**Your assignment**
Using the data that follows, give again word for word the lines between the one holding "2学期、第1回目の英語活動!" and the one holding "In the Pet Effects", inclusive. Omit the pictures.

**Exercise data**
-- Opening Marker --

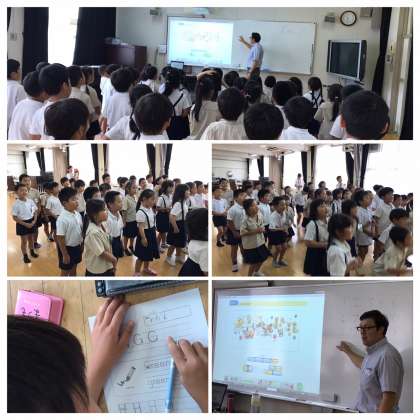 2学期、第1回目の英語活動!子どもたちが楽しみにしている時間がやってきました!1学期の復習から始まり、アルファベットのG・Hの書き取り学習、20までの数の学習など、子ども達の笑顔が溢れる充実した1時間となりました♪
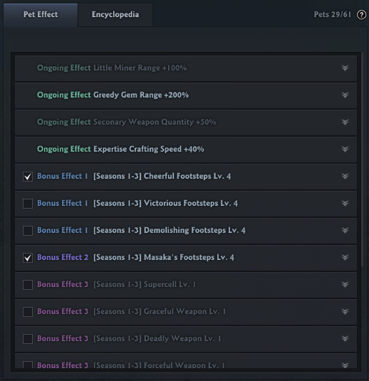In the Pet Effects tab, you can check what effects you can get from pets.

-- Closing Marker --
-- Opening Marker --

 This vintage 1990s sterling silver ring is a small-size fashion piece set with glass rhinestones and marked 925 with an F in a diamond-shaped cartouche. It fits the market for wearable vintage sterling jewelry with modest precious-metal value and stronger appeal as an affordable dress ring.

-- Closing Marker --

**Expected output**
 2学期、第1回目の英語活動!子どもたちが楽しみにしている時間がやってきました!1学期の復習から始まり、アルファベットのG・Hの書き取り学習、20までの数の学習など、子ども達の笑顔が溢れる充実した1時間となりました♪
In the Pet Effects tab, you can check what effects you can get from pets.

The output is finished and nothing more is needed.